El médico se puso inmediatamente en pie. Los auxiliares se levantaron enseguida, para apostarse a ambos lados de la silla de ruedas. El médico les hizo una señal con la cabeza y empezaron a girar a la paciente para llevársela por la puerta del fondo.
De pronto la tía Cornelia giró la cabeza y clavó su mirada en D’Agosta.
—Hoy has estado muy callado, Ambergris. ¿Se te ha comido la lengua el gato? La próxima vez me acordaré de prepararte uno de mis deliciosos sándwiches de berros. A tu familia siempre le han encantado.
Lo único que pudo hacer D’Agosta fue asentir. El médico abrió la puerta para que pasara la silla de ruedas.
—Me he alegrado mucho de volver a verte, Diógenes —dijo por encima del hombro la tía Cornelia—. Ya sabes que siempre has sido mi favorito. Me alegro de que hayas acabado arreglando aquello tan horrible del ojo.
Al cruzar la verja, con la luz de los faros del Rolls-Royce clavada en las cortinas de niebla, D’Agosta ya no pudo aguantarse.
—Perdone, Pendergast, pero se lo tengo que preguntar. ¿No me dirá que se cree todo eso del oanga y los zombis?
—Querido Vincent, yo no me «creo» nada. No soy sacerdote. Yo no trabajo con creencias, sino con pruebas y probabilidades.
—Ya, ya lo sé, pero bueno… ¿La noche de los muertos vivientes? Imposible.
—Un poco categórica, su afirmación.
—Pero…
—Pero ¿qué?
—Yo tengo claro que aquí hay alguien que quiere despistarnos con estas chorradas del vudú, para que perdamos el tiempo.
—¿«Claro»? —repitió Pendergast, arqueando un poco la ceja derecha.

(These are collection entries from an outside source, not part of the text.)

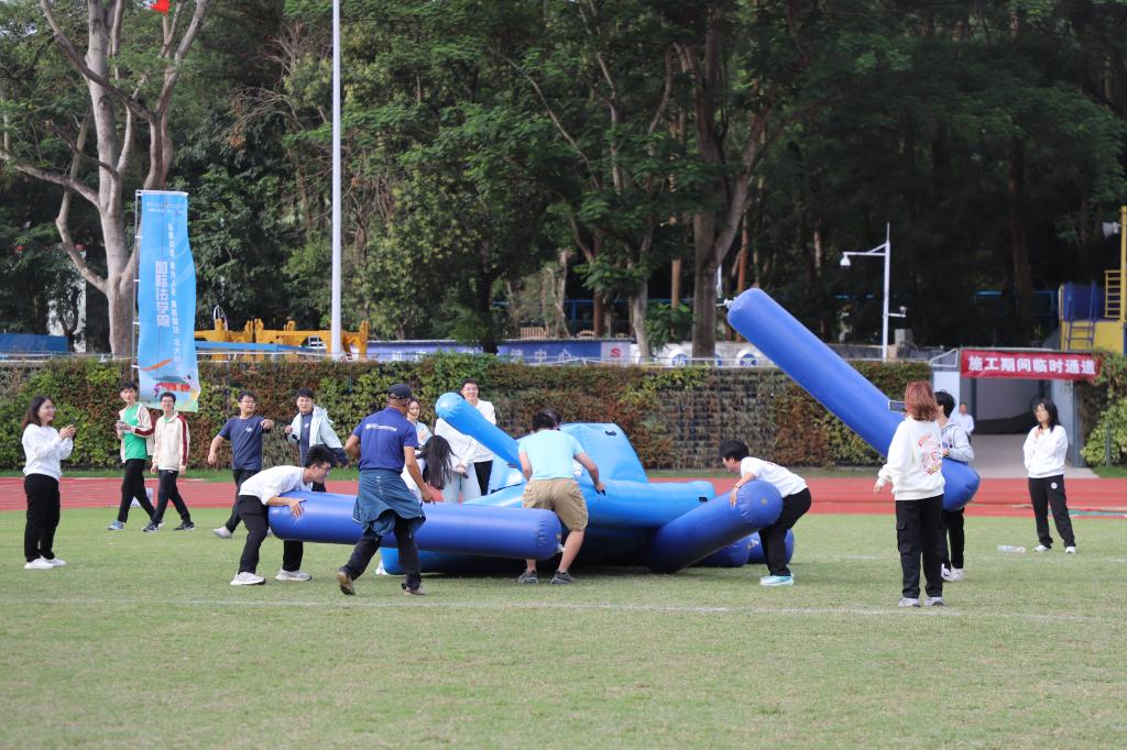 该项目要求队员们共同操控大型“毛毛虫”道具在跑道上快速行进。面对道具操控的难度,大家前后呼应、迎难而上,在欢声笑语中带领象征团结的“毛毛虫”奋勇向前,成功冲过终点。
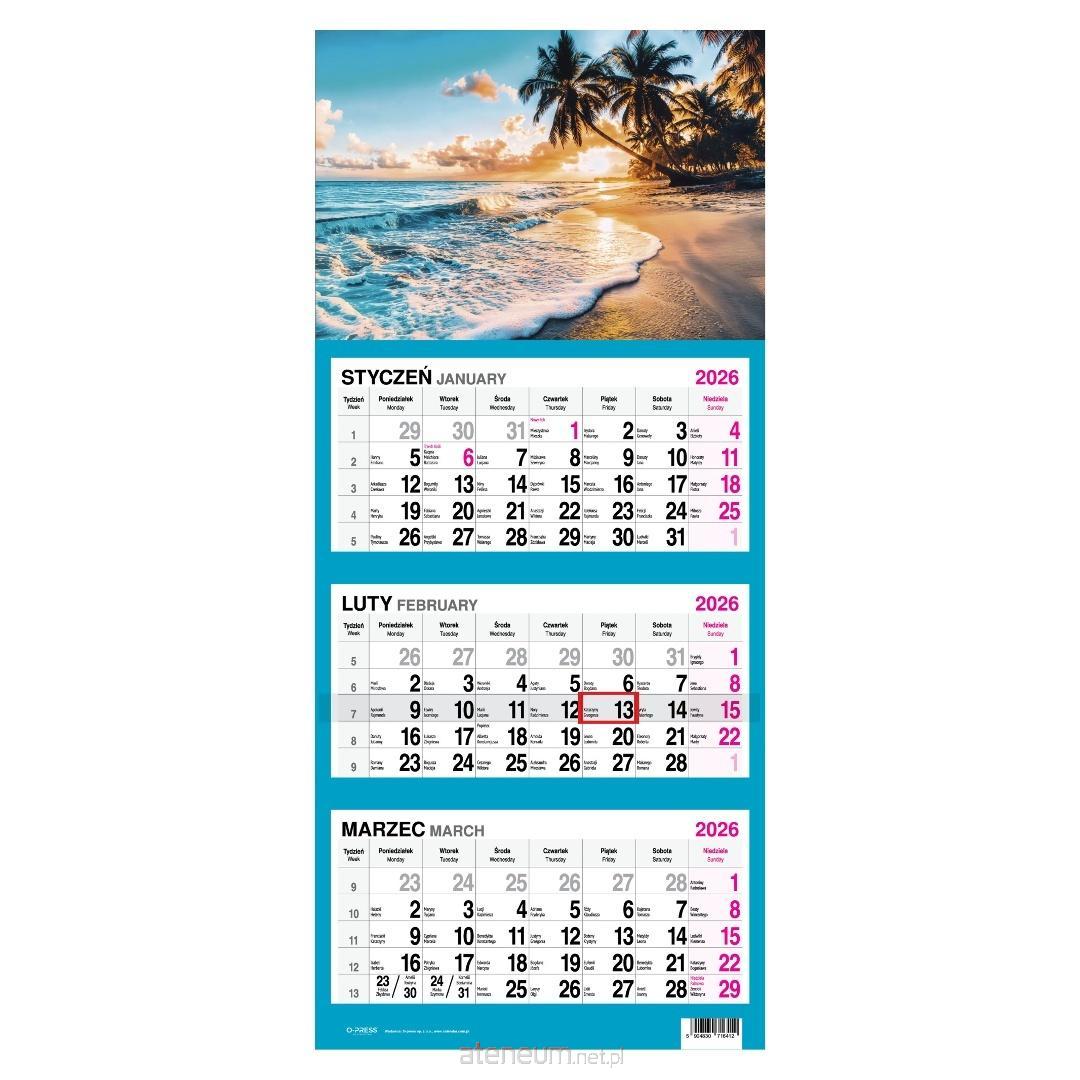Kalendarz 2026 Trójdzielny Palmy
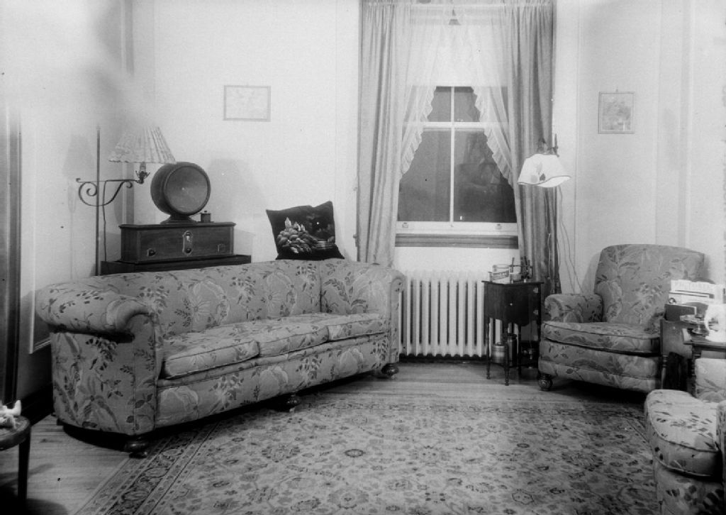 Salon d'une maison bourgeoise. Nous voyons un canapé, un fauteuil, des lampes, une table à café et un radio
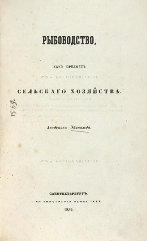 "Рыбоводство как предмет сельского хозяйства" Э.И. Эйхвальд
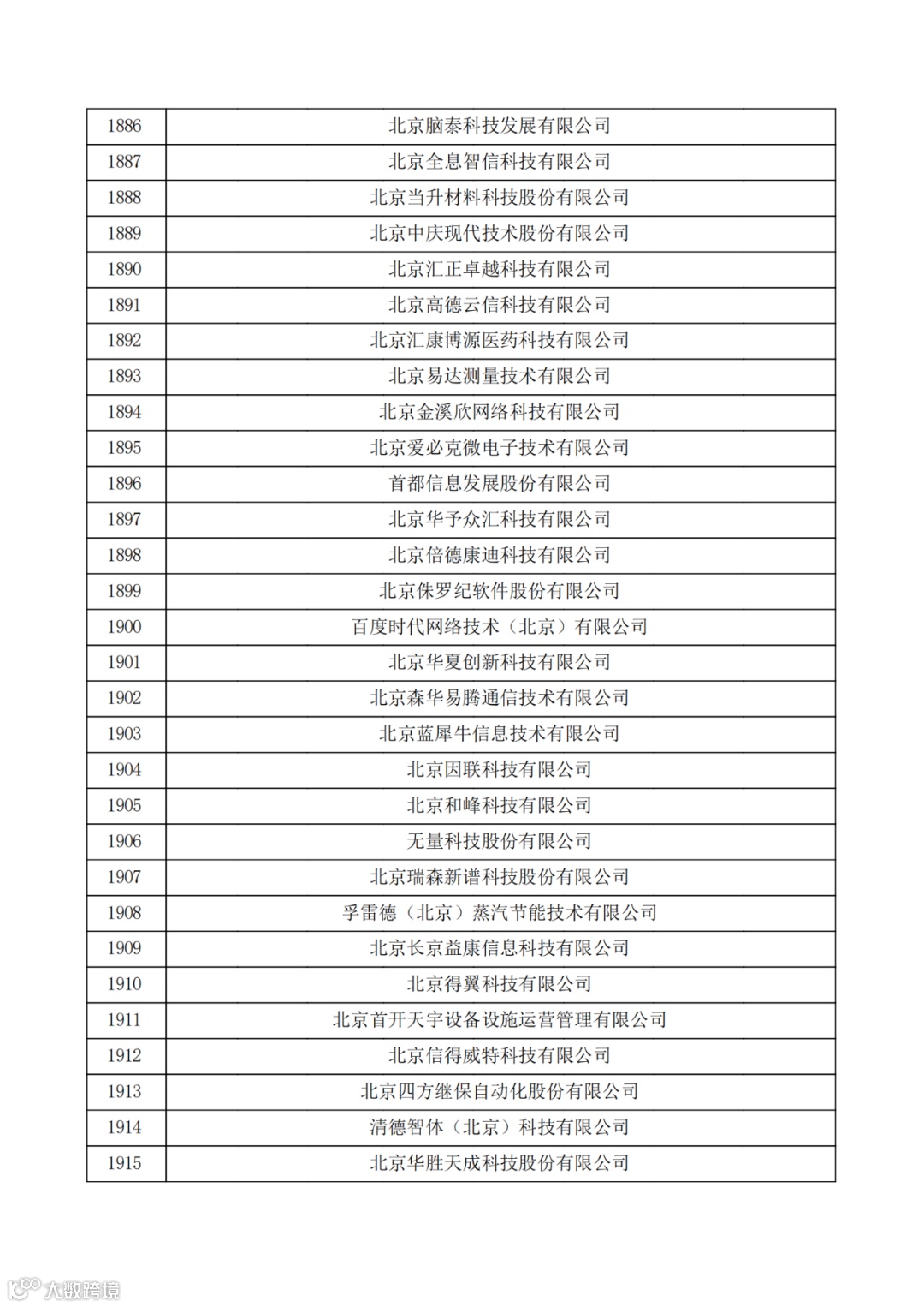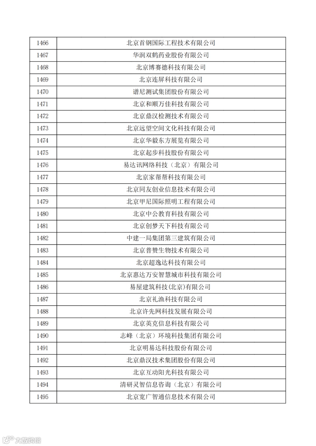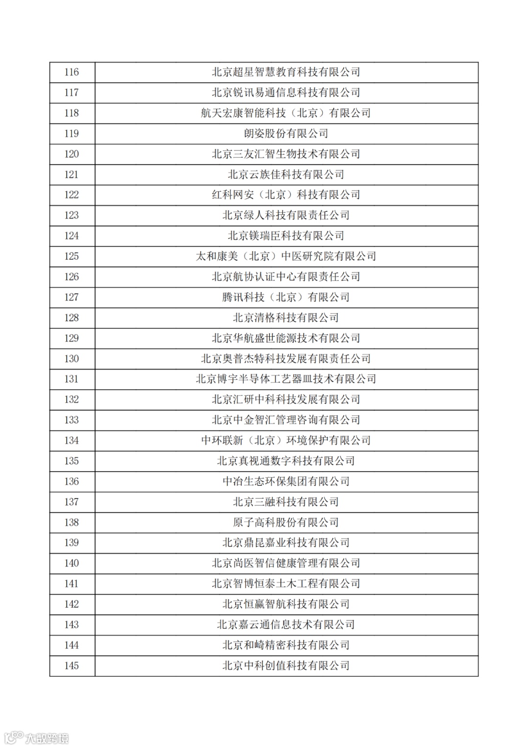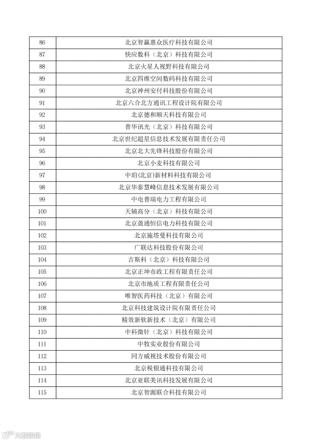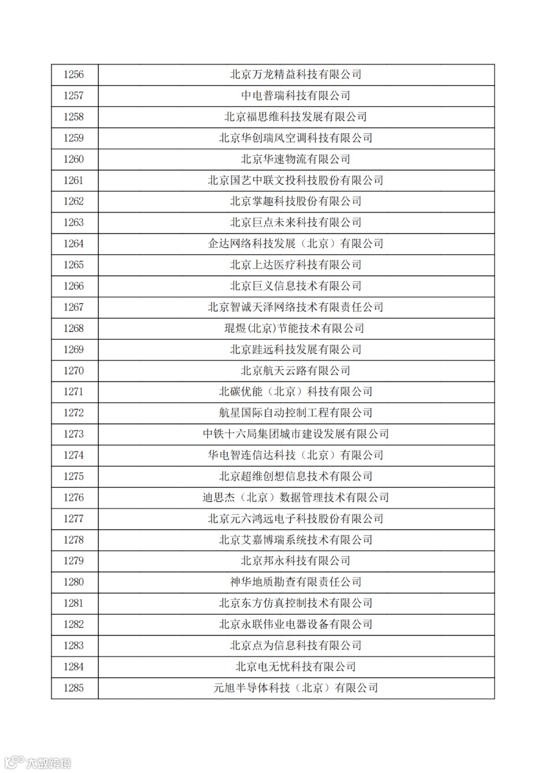 对北京市认定机构2023年认定报备的第二批高新技术企业拟进行备案的公示
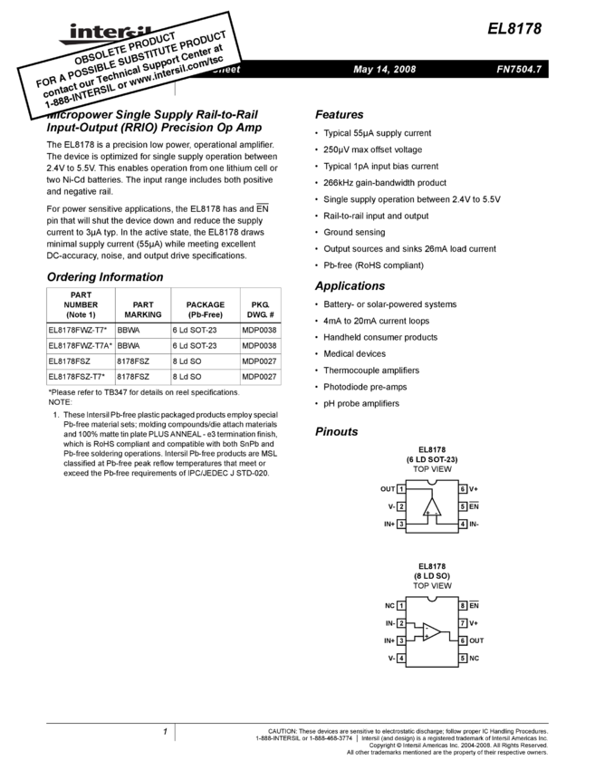 Micropower Single Supply Rail-to-Rail Input-Output (RRIO) Precision Op Amp

—Mire —dijo D’Agosta, exasperado—, yo lo único que quiero saber es si le parece remotamente posible que en todo esto haya un zombi de verdad. Nada más.
—Preferiría no decirle lo que pienso, pero en todo caso haría usted bien en recordar cierto verso de Hamlet.
—¿Cuál?
—«Horacio, hay más cosas en el cielo y la tierra…» ¿Hace falta que siga?
—No.
D’Agosta se arrellanó en el cómodo asiento de cuero, y se dijo que a veces era mejor dejar a Pendergast a solas con sus desconocidos pensamientos que intentar forzar las cosas.